Segment Start: Exercise data

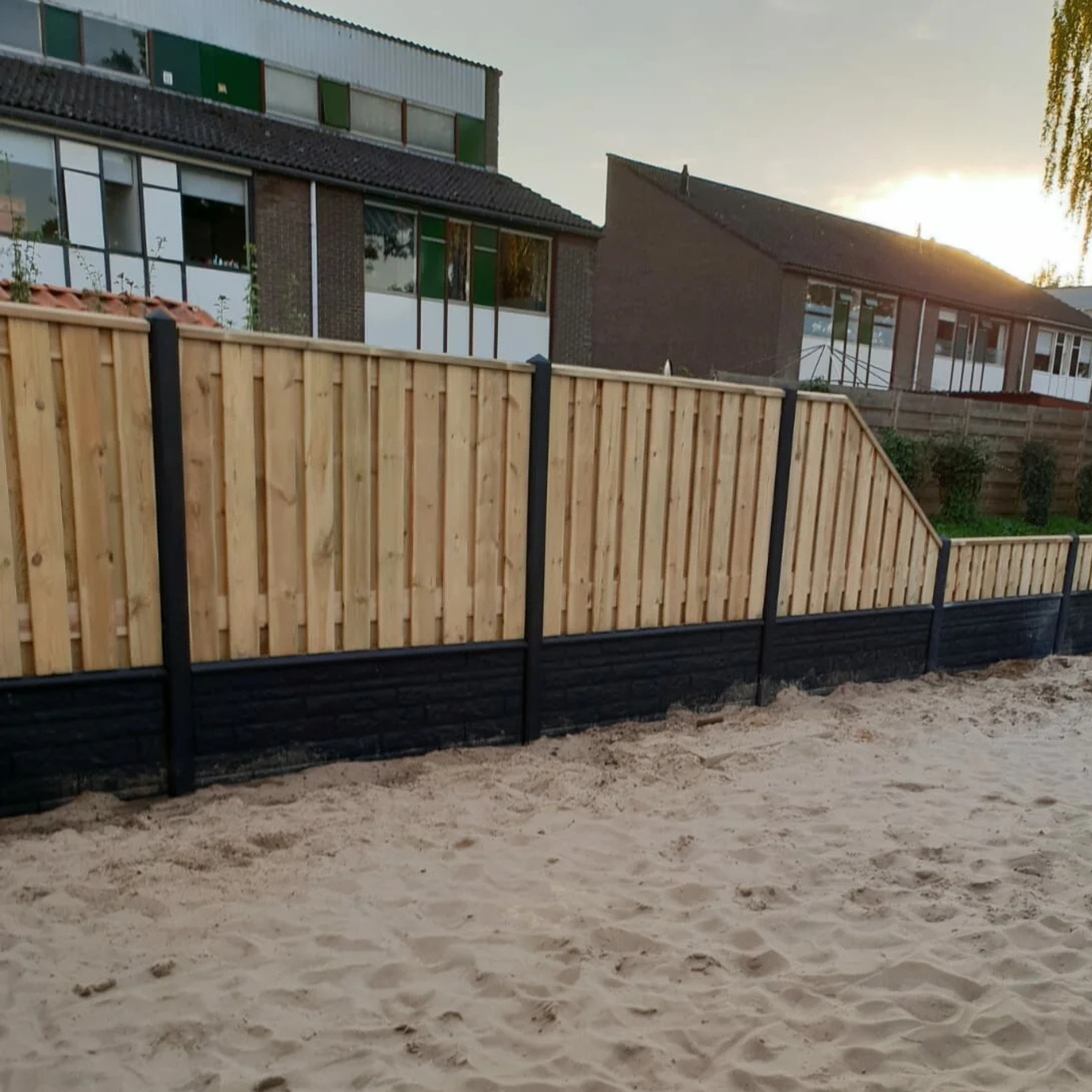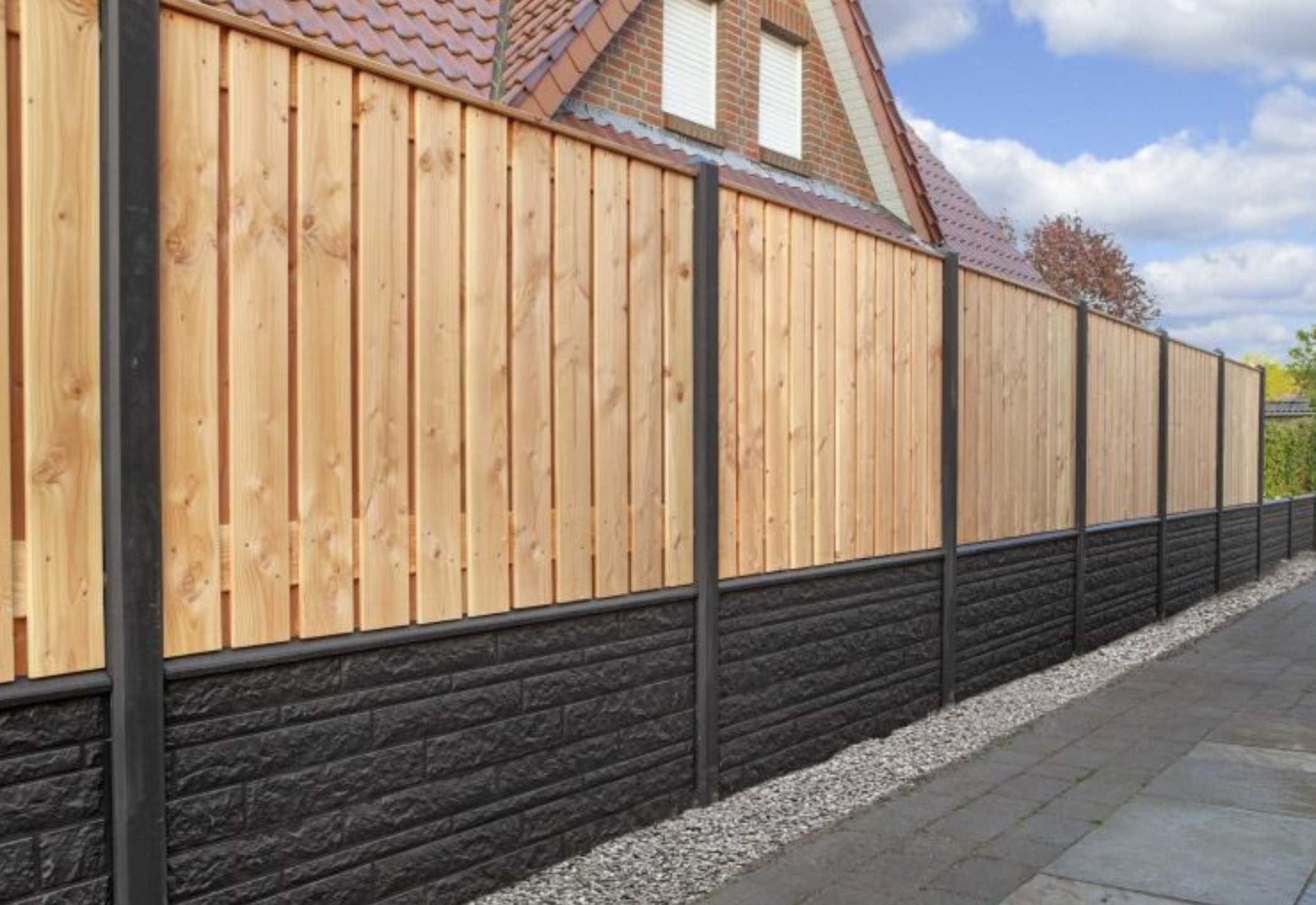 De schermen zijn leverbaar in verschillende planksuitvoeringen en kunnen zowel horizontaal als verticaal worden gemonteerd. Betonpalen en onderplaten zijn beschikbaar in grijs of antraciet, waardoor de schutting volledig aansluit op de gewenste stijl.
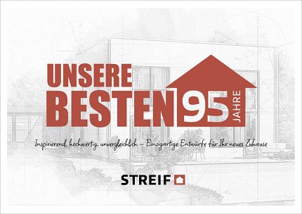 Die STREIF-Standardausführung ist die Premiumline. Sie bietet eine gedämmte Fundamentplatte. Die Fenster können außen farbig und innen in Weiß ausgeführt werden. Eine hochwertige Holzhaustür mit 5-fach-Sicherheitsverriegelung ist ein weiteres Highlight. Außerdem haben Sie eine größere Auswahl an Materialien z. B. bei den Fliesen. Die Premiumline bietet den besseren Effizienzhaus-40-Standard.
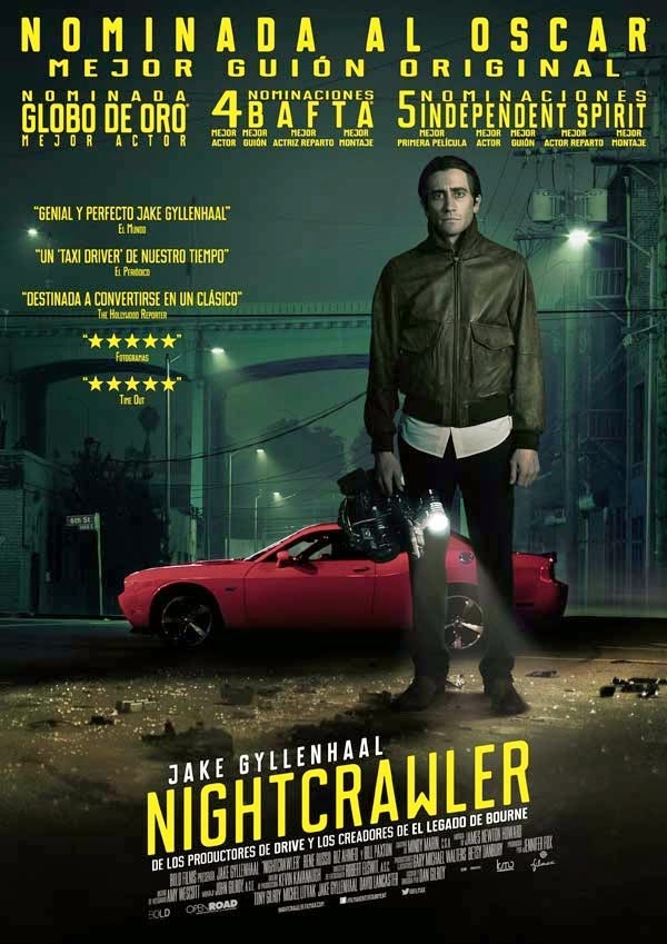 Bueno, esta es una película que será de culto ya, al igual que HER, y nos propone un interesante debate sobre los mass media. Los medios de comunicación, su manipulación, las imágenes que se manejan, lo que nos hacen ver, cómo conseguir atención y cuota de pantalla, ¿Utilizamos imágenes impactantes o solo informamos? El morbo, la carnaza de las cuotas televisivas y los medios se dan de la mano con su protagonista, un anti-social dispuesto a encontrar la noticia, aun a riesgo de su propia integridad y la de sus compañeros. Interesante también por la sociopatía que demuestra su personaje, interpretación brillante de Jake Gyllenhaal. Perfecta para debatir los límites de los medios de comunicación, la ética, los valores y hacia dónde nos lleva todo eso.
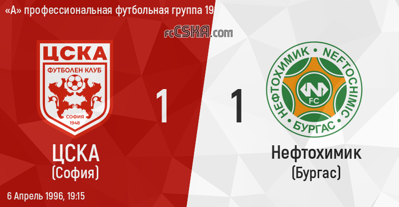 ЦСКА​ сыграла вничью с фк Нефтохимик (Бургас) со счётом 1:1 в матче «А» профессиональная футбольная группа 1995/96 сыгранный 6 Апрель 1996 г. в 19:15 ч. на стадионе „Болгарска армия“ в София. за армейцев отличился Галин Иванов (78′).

Segment End: Exercise data

Directions for this task ::
In full and without any pictures, print the listing above exactly.

Worked solution ::
 De schermen zijn leverbaar in verschillende planksuitvoeringen en kunnen zowel horizontaal als verticaal worden gemonteerd. Betonpalen en onderplaten zijn beschikbaar in grijs of antraciet, waardoor de schutting volledig aansluit op de gewenste stijl.
 Die STREIF-Standardausführung ist die Premiumline. Sie bietet eine gedämmte Fundamentplatte. Die Fenster können außen farbig und innen in Weiß ausgeführt werden. Eine hochwertige Holzhaustür mit 5-fach-Sicherheitsverriegelung ist ein weiteres Highlight. Außerdem haben Sie eine größere Auswahl an Materialien z. B. bei den Fliesen. Die Premiumline bietet den besseren Effizienzhaus-40-Standard.
 Bueno, esta es una película que será de culto ya, al igual que HER, y nos propone un interesante debate sobre los mass media. Los medios de comunicación, su manipulación, las imágenes que se manejan, lo que nos hacen ver, cómo conseguir atención y cuota de pantalla, ¿Utilizamos imágenes impactantes o solo informamos? El morbo, la carnaza de las cuotas televisivas y los medios se dan de la mano con su protagonista, un anti-social dispuesto a encontrar la noticia, aun a riesgo de su propia integridad y la de sus compañeros. Interesante también por la sociopatía que demuestra su personaje, interpretación brillante de Jake Gyllenhaal. Perfecta para debatir los límites de los medios de comunicación, la ética, los valores y hacia dónde nos lleva todo eso.
 ЦСКА​ сыграла вничью с фк Нефтохимик (Бургас) со счётом 1:1 в матче «А» профессиональная футбольная группа 1995/96 сыгранный 6 Апрель 1996 г. в 19:15 ч. на стадионе „Болгарска армия“ в София. за армейцев отличился Галин Иванов (78′).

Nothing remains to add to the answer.